The Tell El Amarna Period

Chapter 4

Chapter 4481 wordsPublic domain

But still more swiftly overtaken of fate was the XVIIIth Dynasty in Egypt. Napkhuria did not even see the completion of his city at Tell el Amarna, for he died in 1370 B.C. His reform followed him, and the victorious champions of Amon could raze to the ground the hated City of the Sun’s Disk. They must already have been on the march when in a happy moment it occurred to a keeper of the royal archives to conceal the clay tablets in the earth and thus save them for remote posterity.

BIBLIOGRAPHICAL APPENDIX

The best translation of the Tell el Amarna tablets available for English readers is that from the German of H. Winckler, published by Luzac, London, 1896.

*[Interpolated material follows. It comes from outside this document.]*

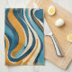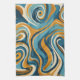 Liquid Swirl Ochre Blue Trippy Pattern Kitchen Towel
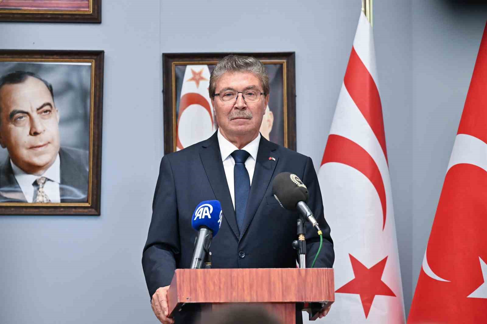 “Son dönemde bölgemizde yaşanan gelişmeler Doğu Akdeniz’de istikrarın önemini bir kez daha gözler önüne sermiştir” diyen Yılmaz, “Her zaman ifade ettiğimiz üzere, Kıbrıs Türklerinin özden gelen hakları olan egemen eşitlik ve eşit uluslararası statüleri tescil edilmeden yeni bir müzakere sürecine girişilmesi söz konusu değildir. Cumhurbaşkanı Tatar’ın her fırsatta altını çizdiği bu hususlarla ilgili en güçlü şekilde Kıbrıs Türkü’nün yanında olduğumuzu ifade etmek isterim. Bu haklarınızın asgari tezahürü olarak, Kıbrıs Türkü kardeşlerimizin maruz kaldığı insanlık dışı izolasyonun son bulması, KKTC ile doğrudan uçuşlar ve doğrudan ticaretin başlatılması gerekmektedir. Ayrıca, Sayın Tatar’ın yabancı muhataplarla doğrudan temaslarda bulunmasına engel çıkarmaya da son verilmesi elzemdir. Biz Türkiye olarak uluslararası topluma Kıbrıs Türklerinin haklı davasını anlatmaya devam edecek ve KKTC’ye desteğimizi sürdüreceğiz” açıklamasını yaptı.

Professor Flinders Petrie’s _Syria and Egypt from the Tell el Amarna Letters_ (Methuen, 1898) is a synopsis of the letters as far as they belong to the relations of Egypt and Syria, with the addition of geographical and historical notes. In the Introduction Professor Petrie gives a harrowing account of the casual way in which the tablets were found and of the criminal carelessness with which these priceless records were subsequently handled.

Some years afterwards, in 1891-2, Professor Petrie himself excavated what was left of the ruins of the royal city of Amenhetep IV. An account of his discoveries on that site and of his deductions from them may be found in his finely illustrated memoir _Tell el Amarna_ (Methuen, 1894). He particularly emphasises the skill and originality displayed in the remains of the arts and crafts of the Tell el Amarna period, and emphatically points out the evidence of active connection between Egypt and Ægean (Mykenæan) civilisation at that time. His appreciation of the character of Akhenaten differs considerably from that formed by the author of the present pamphlet, and should be compared with it. In vol. ii. p. 205 _et seqq._ of his _History of Egypt_, Professor Petrie maintains the same views. The same volume also contains his earlier synopsis of the Tell el Amarna tablets.

Professor Maspero’s account of the historical bearing of these tablets is worked into the second volume of his great _Histoire Ancienne des Peuples de l’Orient_, which is entitled _Les Premières Mélées des Peuples_. A translation of that work has been issued by the Society for the Propagation of Christian Knowledge, but in any parts relating to Biblical history the student will do well to consult the original.

The bearings of the tablets on Biblical history, and particularly the evidence they have supplied as to the early date at which the art of writing was practised in Syria and Palestine, have been favourite themes of Professor Sayce. His arguments and conclusions on these points may be found in _The Higher Criticism and the Verdict of the Monuments_ (S.P.C.K. 1894); _Patriarchal Palestine_ (S.P.C.K. 1895); _The Egypt of the Hebrews and Herodotus_ (Rivington, Percival & Co., 1896), and elsewhere.